(The data):
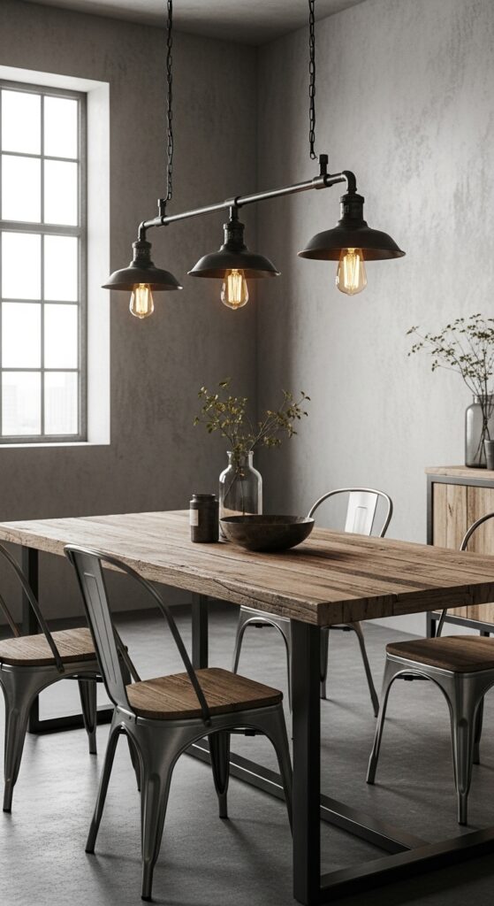 Industrial-style lighting brings raw, edgy sophistication to your dining room through exposed bulbs, metal fixtures, and weathered finishes that celebrate utilitarian design. You’ll create an authentic contemporary atmosphere by choosing fixtures with blackened steel, aged brass, or distressed iron materials.
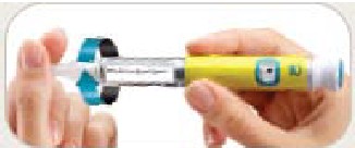 • Breng de naald in de huid met behulp van de door uw zorgverlener aanbevolen hygiënische injectietechniek.
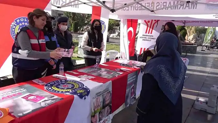 BM Genel Kurulu kararı ile 25 Kasım Kadına Yönelik Şiddete Karşı Uluslararası Mücadele Günü, 1999 yılında kadına yönelik şiddete karşı toplumda farkındalık oluşturmak amacıyla ilan edildi. Marmaris'te de kadın jandarmalar, polisler ve sosyal hizmet görevlileri standı ziyaret eden kadınlara KADES (Kadın Acil Destek) uygulaması üzerinden hemen yardım çağırabileceklerini, sosyal hizmetler görevlileri olarak her zaman destek olacaklarını belirtti.
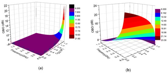 where IC,SAT and IP,SAT represent the saturated current of the carrier and the peak PA, respectively. From Equation (11), the is introduced due to the existence of CDS, which makes the OBO range more flexible in design parameters compared to OBO expression of traditional DPAs. In fact, OBO is also related to output capacitance. Furthermore, we can use different ZCDS to obtain a different OBO. Figure 3 shows the relationships between OBO, coefficient γ, frequency and capacitance. To keep the OBO larger than 6 dB, the capacitance is up to 1.4 pF. In this paper, the DPA with a large OBO range is designed at 3.5 GHz. Therefore, the appropriate capacitance value and coefficient γ can be obtained from Figure 3.
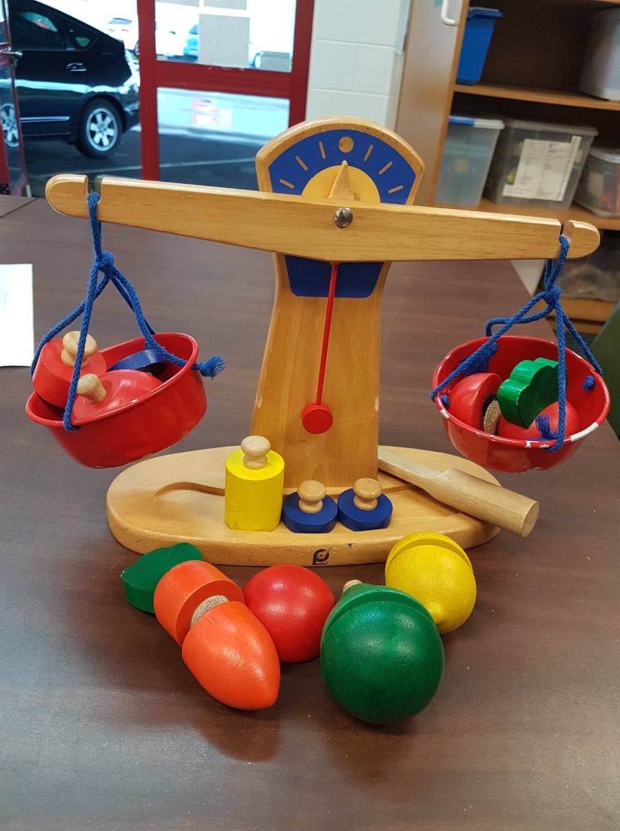 20 Pieces,1 x scales ,2 x red weighing cups ,3 x blue weights ,1x yellow weights ,1x red weight,1 x knife,2 x pieces of carrot,2 x pieces of radish,2 x pieces of pear,2 x pieces of apple,2 x pieces of lemon,1 x toy library bag
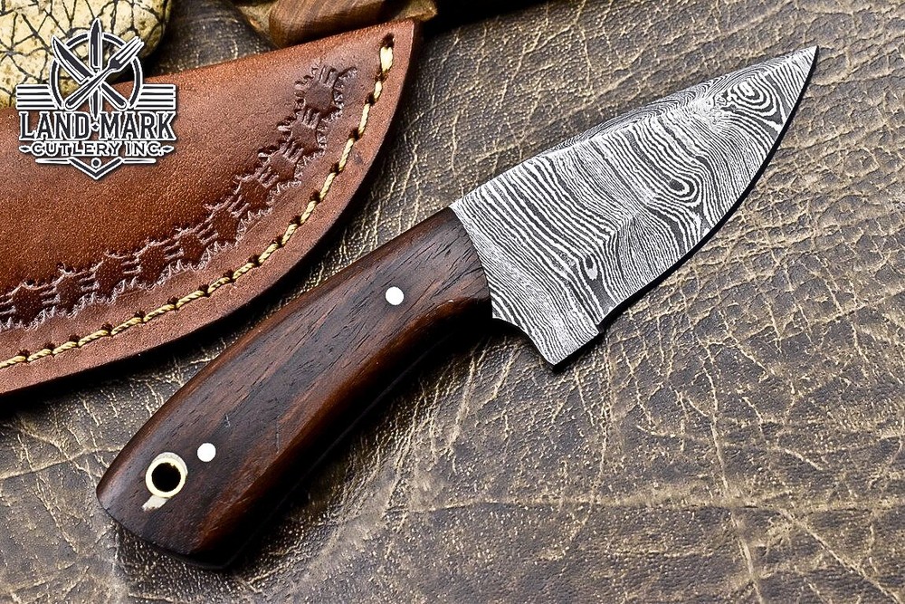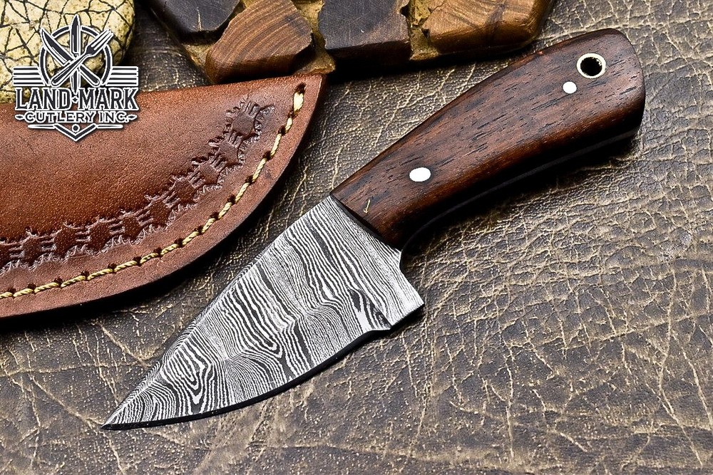 Custom Hand Made DAMASCUS STEEL HUNTING KNIFE WITH ROSE WOOD HANDLE We offer a shipping discount for More then one purchased . And discount will be apply on combine invoice, Discount will not apply on separate payment. ITEM DETAILS OVER ALL LENGTH 3.0 inches long (Approx) HANDLE LENGTH 1.5 inches long (Approx) BLADE LENGTH 1.5 inches long (Approx) BLADE HARDNESS 58-60 HRC Which Holds The Sharp Edge For Long Time. HANDLE ROSE WOOD COVER LEATHER SHEATH This Awesome custom made KNIFE has a nice hand forged with the combination of 4340 & 1080 steel. HOW OUR DAMASCUS IS MADE: All our Damascus is real and not just an acid etch. Damascus is a mixture of 1080HC and 4340 nickel carbon. You heat them up together and then fold the bar over and over to get the desired layers, ours are 396 layers. Then you burn the blade in acid, and it turns the nickel satin color and the high carbon turns blackish gray. This is how the layers are exposed to show the layers of the new steel created coined "Damascus". All Damascus is acid etched to show the layers. If you high polish the metal it will be shinny satin like all steels. Only after you burn the sides of the blade with acid do you see the layers of the two steels. Makes sense? After we make our knives we high polish the handles and put an edge on the blade. The high polishing buffs off the acid burned layer of the handle, and the blade edge is sharpened and the acid burned edge becomes satin. You can re-burn the tang of the blade near the handles and the edge of the blade and it will show the layers once more. All our knives are hand made, durable and unique ***** YOU WILL RECEIVED THE SAME KNIFE Qality Standards Our Damascus blades are made from high quality non-stainless steels which rival or exceed any Damascus blade made from the 10 series with 4340. Our Damascus combination has taken years to perfect and has been tested under a variety of application which will offer professional performance in categories of toughness, strength (lateral stress) and edge honing and holding ability. In a 5 spot Rockwell test our blades will average near or close to 58 which offers a perfect balances between its toughness and strength.Our blades due to carbon content need to be regularly treated with wax and/or 3 in 1 oil to maintain its superior quality. Questions if you have any question feel free to send us message we aim to answer all questions within 24 hours Feedback If you are not satisfied with our service please contact us before leaving any negative or natural feedback. We will resolve all issues as quickly as possible. Disclaimer We are not responsible for any injuries associated with the use of our tools. Our products are intended for legal use only by responsible buyers. Therefore, we will not sell our products to anyone under the age of 18. Before bidding please check your country laws as some countries Custom don't allow this. If your purchase is held by Custom Authorities in your country/State we will not be responsible for that and no refund will be issued Shipping We offer a 20% shipping discount for More then one purchased . And discount will be apply on combine invoice, Discount will not apply on separate payment We ship within 24 hours after receiving complete payment but this can be delayed due to week ends or Governments and Religious Festivals . . This is beyond our control and we apologize for this inconvenience. Precautions Our Tools are very sharp so open and use them very carefully We are not responsible for any injuries associated with the use of our tools Tips to Care knife 1. NEVER STORE YOUR KNIFE FOR LONG TIME IN LEATHER SHEATH. 2. LEATHER CAN ABSORB WATER, WHICH WILL RUST THE KNIFE. 3. ALWAYS CLEAN THE BLADE AFTER USING WITH OIL OR WAX
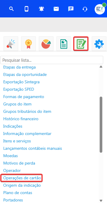 Acesso em: Início > Listas > Operações de cartão
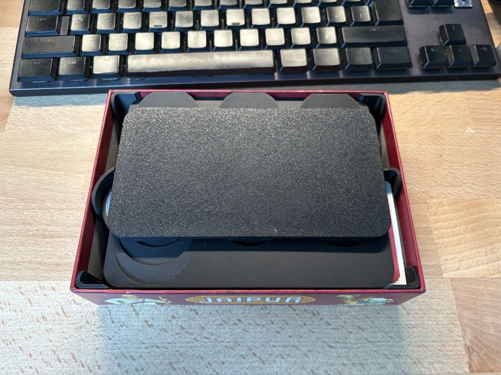 Bộ organizer 2-trong-1 cho board game Jaipur. Đã có nhiều mẫu cho game này rồi, nhưng chưa mẫu nào giải quyết gọn gàng vấn đề setup hơi lằng nhằng: chỉ cần xếp chồng token là sẽ che mất các giá trị token quan trọng. Mình cũng thích giữ board game trong đúng hộp zin của nó.
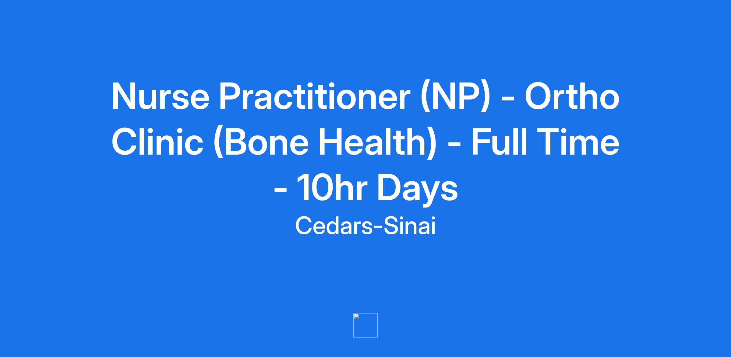 Nurse Practitioner (NP) - Ortho Clinic (Bone Health) - Full Time - 10hr Days
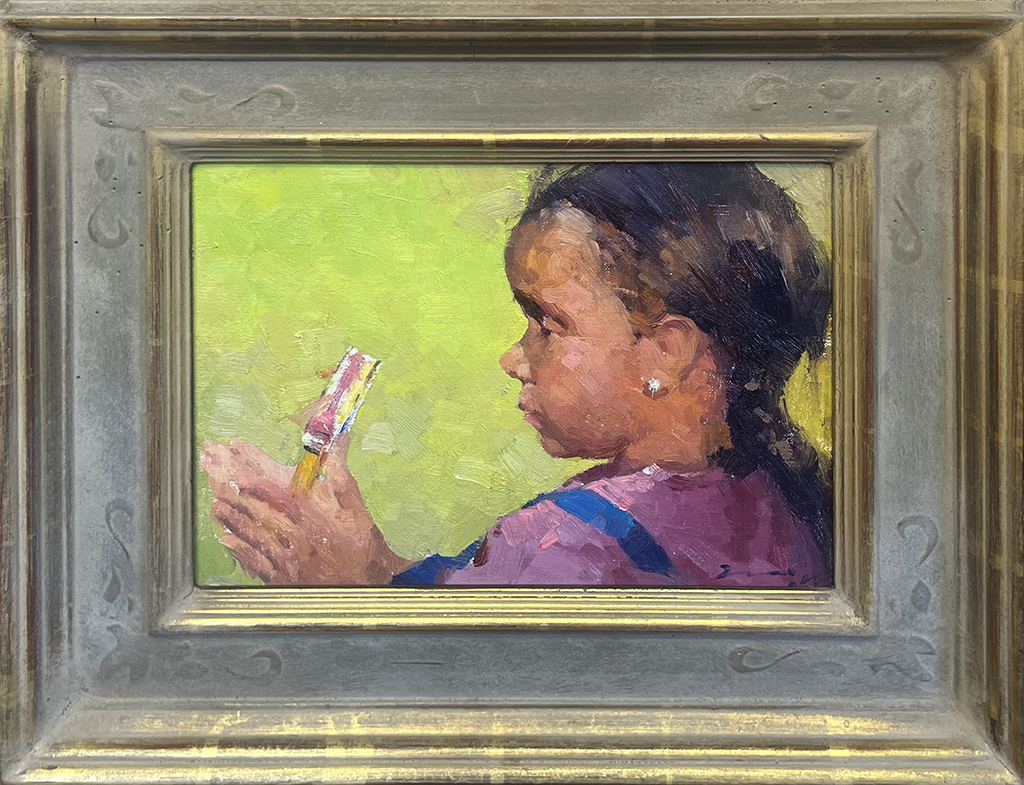 “For centuries, Native American tribes have used rattle drums in powwows, ceremonies, and rituals. These instruments have become symbols of music, dance, medicine, and spirituality in Native American culture. This painting captures a young girl joyfully playing the rattle drum, reflecting the deep cultural significance of this tradition.”

(Description of the task): Repeat every entry above word for word, and include no pictures.

(Answer to this task):
 Industrial-style lighting brings raw, edgy sophistication to your dining room through exposed bulbs, metal fixtures, and weathered finishes that celebrate utilitarian design. You’ll create an authentic contemporary atmosphere by choosing fixtures with blackened steel, aged brass, or distressed iron materials.
 • Breng de naald in de huid met behulp van de door uw zorgverlener aanbevolen hygiënische injectietechniek.
 BM Genel Kurulu kararı ile 25 Kasım Kadına Yönelik Şiddete Karşı Uluslararası Mücadele Günü, 1999 yılında kadına yönelik şiddete karşı toplumda farkındalık oluşturmak amacıyla ilan edildi. Marmaris'te de kadın jandarmalar, polisler ve sosyal hizmet görevlileri standı ziyaret eden kadınlara KADES (Kadın Acil Destek) uygulaması üzerinden hemen yardım çağırabileceklerini, sosyal hizmetler görevlileri olarak her zaman destek olacaklarını belirtti.
 where IC,SAT and IP,SAT represent the saturated current of the carrier and the peak PA, respectively. From Equation (11), the is introduced due to the existence of CDS, which makes the OBO range more flexible in design parameters compared to OBO expression of traditional DPAs. In fact, OBO is also related to output capacitance. Furthermore, we can use different ZCDS to obtain a different OBO. Figure 3 shows the relationships between OBO, coefficient γ, frequency and capacitance. To keep the OBO larger than 6 dB, the capacitance is up to 1.4 pF. In this paper, the DPA with a large OBO range is designed at 3.5 GHz. Therefore, the appropriate capacitance value and coefficient γ can be obtained from Figure 3.
 20 Pieces,1 x scales ,2 x red weighing cups ,3 x blue weights ,1x yellow weights ,1x red weight,1 x knife,2 x pieces of carrot,2 x pieces of radish,2 x pieces of pear,2 x pieces of apple,2 x pieces of lemon,1 x toy library bag
 Custom Hand Made DAMASCUS STEEL HUNTING KNIFE WITH ROSE WOOD HANDLE We offer a shipping discount for More then one purchased . And discount will be apply on combine invoice, Discount will not apply on separate payment. ITEM DETAILS OVER ALL LENGTH 3.0 inches long (Approx) HANDLE LENGTH 1.5 inches long (Approx) BLADE LENGTH 1.5 inches long (Approx) BLADE HARDNESS 58-60 HRC Which Holds The Sharp Edge For Long Time. HANDLE ROSE WOOD COVER LEATHER SHEATH This Awesome custom made KNIFE has a nice hand forged with the combination of 4340 & 1080 steel. HOW OUR DAMASCUS IS MADE: All our Damascus is real and not just an acid etch. Damascus is a mixture of 1080HC and 4340 nickel carbon. You heat them up together and then fold the bar over and over to get the desired layers, ours are 396 layers. Then you burn the blade in acid, and it turns the nickel satin color and the high carbon turns blackish gray. This is how the layers are exposed to show the layers of the new steel created coined "Damascus". All Damascus is acid etched to show the layers. If you high polish the metal it will be shinny satin like all steels. Only after you burn the sides of the blade with acid do you see the layers of the two steels. Makes sense? After we make our knives we high polish the handles and put an edge on the blade. The high polishing buffs off the acid burned layer of the handle, and the blade edge is sharpened and the acid burned edge becomes satin. You can re-burn the tang of the blade near the handles and the edge of the blade and it will show the layers once more. All our knives are hand made, durable and unique ***** YOU WILL RECEIVED THE SAME KNIFE Qality Standards Our Damascus blades are made from high quality non-stainless steels which rival or exceed any Damascus blade made from the 10 series with 4340. Our Damascus combination has taken years to perfect and has been tested under a variety of application which will offer professional performance in categories of toughness, strength (lateral stress) and edge honing and holding ability. In a 5 spot Rockwell test our blades will average near or close to 58 which offers a perfect balances between its toughness and strength.Our blades due to carbon content need to be regularly treated with wax and/or 3 in 1 oil to maintain its superior quality. Questions if you have any question feel free to send us message we aim to answer all questions within 24 hours Feedback If you are not satisfied with our service please contact us before leaving any negative or natural feedback. We will resolve all issues as quickly as possible. Disclaimer We are not responsible for any injuries associated with the use of our tools. Our products are intended for legal use only by responsible buyers. Therefore, we will not sell our products to anyone under the age of 18. Before bidding please check your country laws as some countries Custom don't allow this. If your purchase is held by Custom Authorities in your country/State we will not be responsible for that and no refund will be issued Shipping We offer a 20% shipping discount for More then one purchased . And discount will be apply on combine invoice, Discount will not apply on separate payment We ship within 24 hours after receiving complete payment but this can be delayed due to week ends or Governments and Religious Festivals . . This is beyond our control and we apologize for this inconvenience. Precautions Our Tools are very sharp so open and use them very carefully We are not responsible for any injuries associated with the use of our tools Tips to Care knife 1. NEVER STORE YOUR KNIFE FOR LONG TIME IN LEATHER SHEATH. 2. LEATHER CAN ABSORB WATER, WHICH WILL RUST THE KNIFE. 3. ALWAYS CLEAN THE BLADE AFTER USING WITH OIL OR WAX
 Acesso em: Início > Listas > Operações de cartão
 Bộ organizer 2-trong-1 cho board game Jaipur. Đã có nhiều mẫu cho game này rồi, nhưng chưa mẫu nào giải quyết gọn gàng vấn đề setup hơi lằng nhằng: chỉ cần xếp chồng token là sẽ che mất các giá trị token quan trọng. Mình cũng thích giữ board game trong đúng hộp zin của nó.
 Nurse Practitioner (NP) - Ortho Clinic (Bone Health) - Full Time - 10hr Days
 “For centuries, Native American tribes have used rattle drums in powwows, ceremonies, and rituals. These instruments have become symbols of music, dance, medicine, and spirituality in Native American culture. This painting captures a young girl joyfully playing the rattle drum, reflecting the deep cultural significance of this tradition.”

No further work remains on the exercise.